_Action item_: Below are records with pictures. Transcribe exactly, and only, the lines from the line with "Да ама не щеш" to the line with "Hand Drawn Outline", both ends included, but not the pictures.

_Records for processing_:
——————————

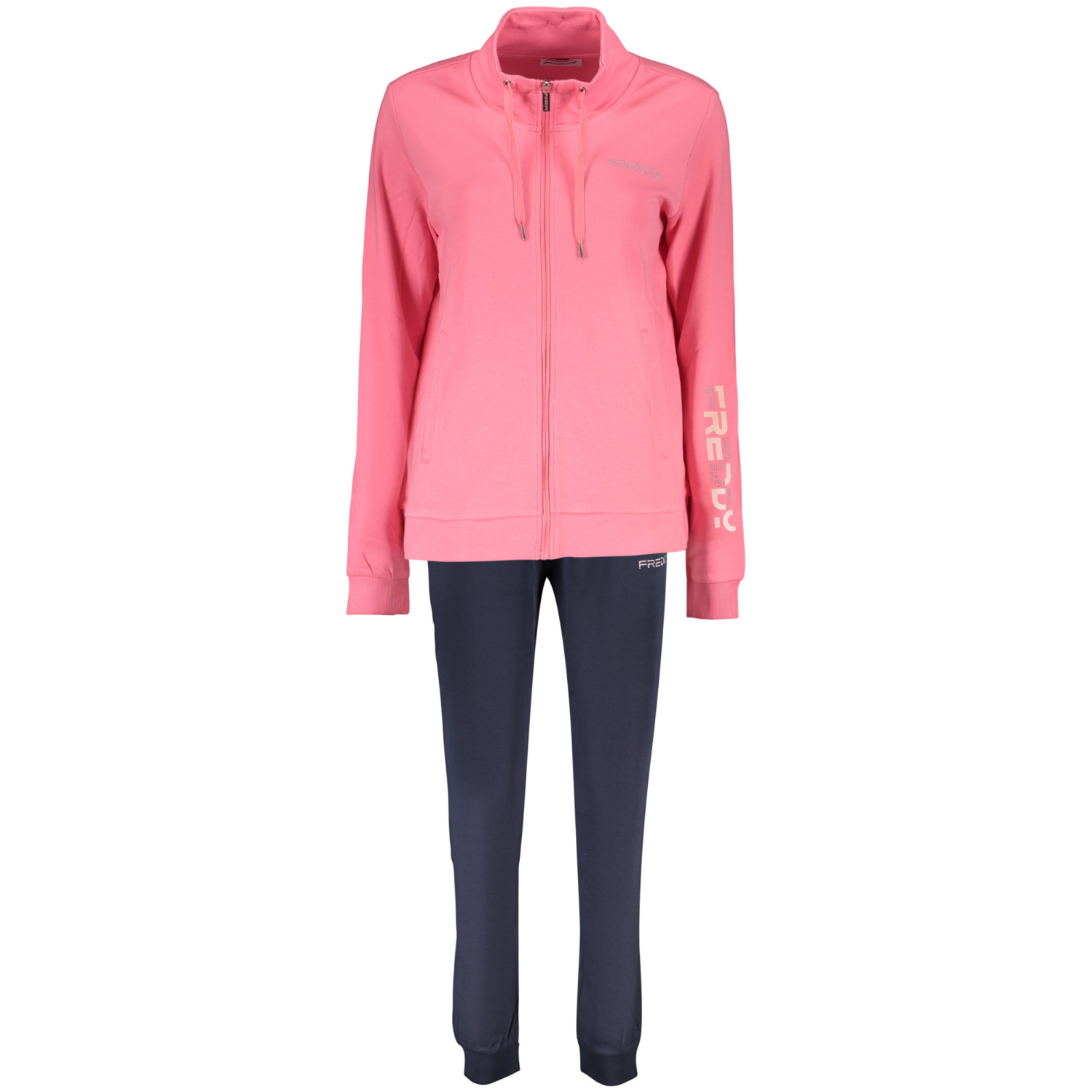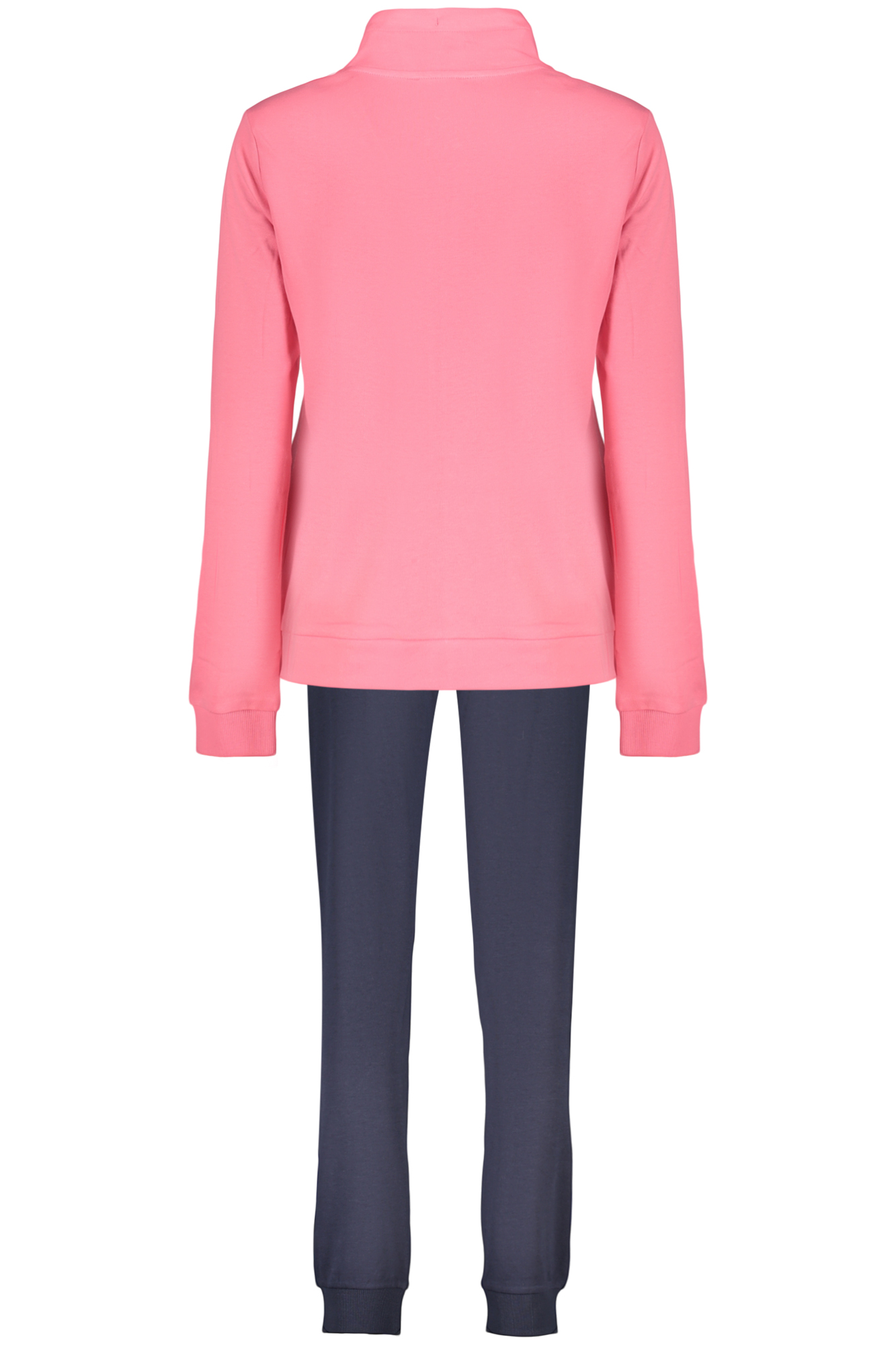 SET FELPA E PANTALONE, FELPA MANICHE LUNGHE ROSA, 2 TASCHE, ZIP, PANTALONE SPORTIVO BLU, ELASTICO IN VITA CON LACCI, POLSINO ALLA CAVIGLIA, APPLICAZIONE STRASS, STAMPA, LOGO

——————————

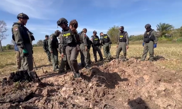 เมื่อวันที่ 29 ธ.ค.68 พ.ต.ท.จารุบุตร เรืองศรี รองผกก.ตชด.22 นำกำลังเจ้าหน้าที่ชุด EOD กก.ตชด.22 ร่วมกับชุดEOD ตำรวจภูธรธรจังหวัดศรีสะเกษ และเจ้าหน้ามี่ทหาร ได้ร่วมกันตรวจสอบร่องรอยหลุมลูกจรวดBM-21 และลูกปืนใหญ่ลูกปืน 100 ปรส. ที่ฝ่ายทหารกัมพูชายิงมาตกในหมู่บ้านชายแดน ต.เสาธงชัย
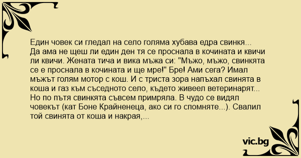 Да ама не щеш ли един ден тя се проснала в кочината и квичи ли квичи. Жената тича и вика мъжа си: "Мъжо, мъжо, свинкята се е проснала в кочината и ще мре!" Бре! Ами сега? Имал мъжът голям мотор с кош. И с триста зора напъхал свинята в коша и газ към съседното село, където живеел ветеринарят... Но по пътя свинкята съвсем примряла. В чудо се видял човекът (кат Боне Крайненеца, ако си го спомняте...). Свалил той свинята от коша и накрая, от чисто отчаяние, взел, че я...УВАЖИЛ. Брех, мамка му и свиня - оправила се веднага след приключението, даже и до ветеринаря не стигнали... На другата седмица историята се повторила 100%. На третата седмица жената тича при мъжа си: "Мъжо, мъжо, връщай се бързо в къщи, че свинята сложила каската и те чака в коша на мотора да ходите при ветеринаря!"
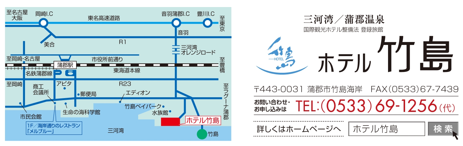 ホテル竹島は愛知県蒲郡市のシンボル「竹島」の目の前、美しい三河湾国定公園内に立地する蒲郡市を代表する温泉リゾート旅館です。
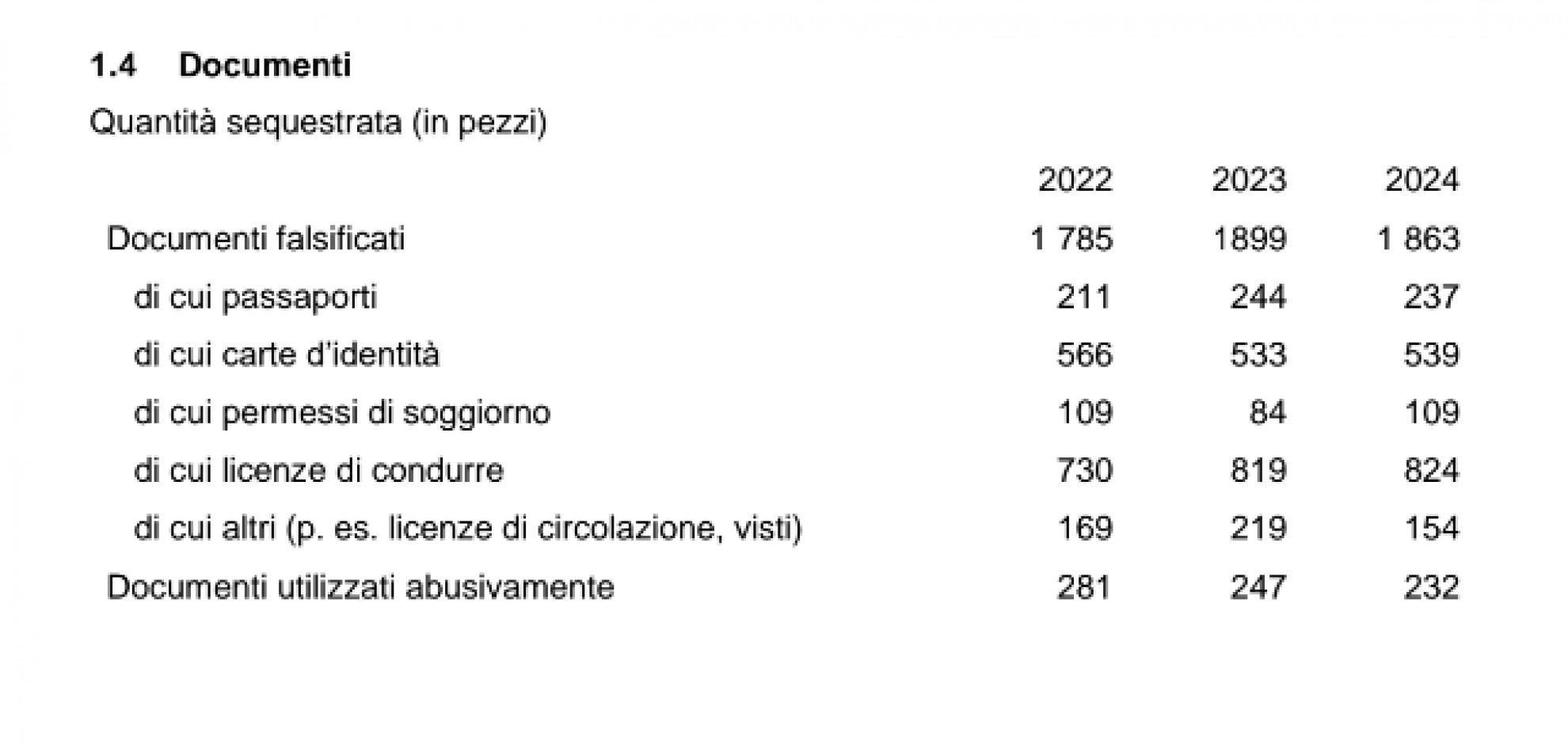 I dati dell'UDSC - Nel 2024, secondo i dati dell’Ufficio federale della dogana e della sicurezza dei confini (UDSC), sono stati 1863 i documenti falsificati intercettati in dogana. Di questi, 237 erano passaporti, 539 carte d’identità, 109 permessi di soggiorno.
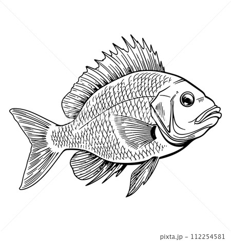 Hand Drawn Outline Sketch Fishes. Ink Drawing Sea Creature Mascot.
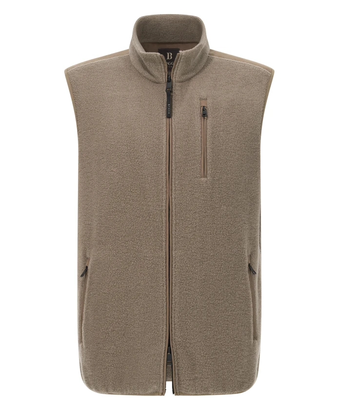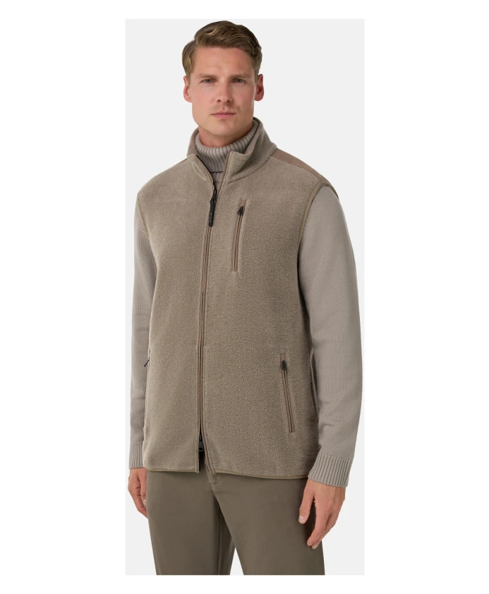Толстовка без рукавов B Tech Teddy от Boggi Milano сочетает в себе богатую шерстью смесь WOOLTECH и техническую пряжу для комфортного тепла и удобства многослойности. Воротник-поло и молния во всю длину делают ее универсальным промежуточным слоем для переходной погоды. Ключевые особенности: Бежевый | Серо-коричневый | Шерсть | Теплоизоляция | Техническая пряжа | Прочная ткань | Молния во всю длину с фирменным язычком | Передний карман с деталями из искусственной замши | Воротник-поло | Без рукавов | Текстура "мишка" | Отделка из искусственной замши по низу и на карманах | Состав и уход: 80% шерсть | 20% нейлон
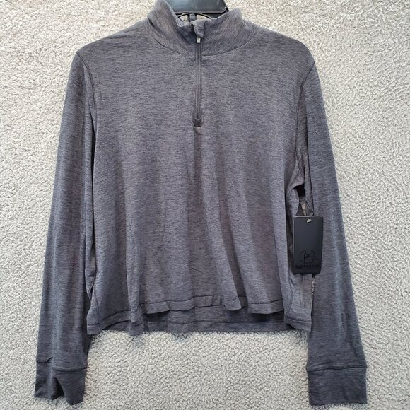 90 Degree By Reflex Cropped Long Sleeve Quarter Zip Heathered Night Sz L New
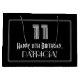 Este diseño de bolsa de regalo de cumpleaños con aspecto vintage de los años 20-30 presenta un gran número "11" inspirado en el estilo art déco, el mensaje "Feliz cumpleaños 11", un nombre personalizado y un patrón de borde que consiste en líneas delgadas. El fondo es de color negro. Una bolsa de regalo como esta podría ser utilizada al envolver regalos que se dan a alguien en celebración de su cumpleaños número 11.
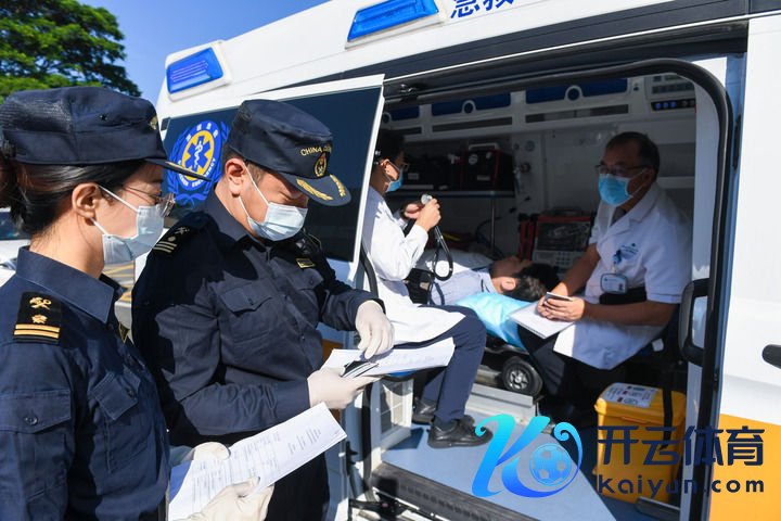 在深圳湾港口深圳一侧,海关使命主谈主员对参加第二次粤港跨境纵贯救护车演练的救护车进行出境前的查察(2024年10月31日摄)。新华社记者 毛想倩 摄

——————————

_Output for this task_:
 Да ама не щеш ли един ден тя се проснала в кочината и квичи ли квичи. Жената тича и вика мъжа си: "Мъжо, мъжо, свинкята се е проснала в кочината и ще мре!" Бре! Ами сега? Имал мъжът голям мотор с кош. И с триста зора напъхал свинята в коша и газ към съседното село, където живеел ветеринарят... Но по пътя свинкята съвсем примряла. В чудо се видял човекът (кат Боне Крайненеца, ако си го спомняте...). Свалил той свинята от коша и накрая, от чисто отчаяние, взел, че я...УВАЖИЛ. Брех, мамка му и свиня - оправила се веднага след приключението, даже и до ветеринаря не стигнали... На другата седмица историята се повторила 100%. На третата седмица жената тича при мъжа си: "Мъжо, мъжо, връщай се бързо в къщи, че свинята сложила каската и те чака в коша на мотора да ходите при ветеринаря!"
 ホテル竹島は愛知県蒲郡市のシンボル「竹島」の目の前、美しい三河湾国定公園内に立地する蒲郡市を代表する温泉リゾート旅館です。
 I dati dell'UDSC - Nel 2024, secondo i dati dell’Ufficio federale della dogana e della sicurezza dei confini (UDSC), sono stati 1863 i documenti falsificati intercettati in dogana. Di questi, 237 erano passaporti, 539 carte d’identità, 109 permessi di soggiorno.
 Hand Drawn Outline Sketch Fishes. Ink Drawing Sea Creature Mascot.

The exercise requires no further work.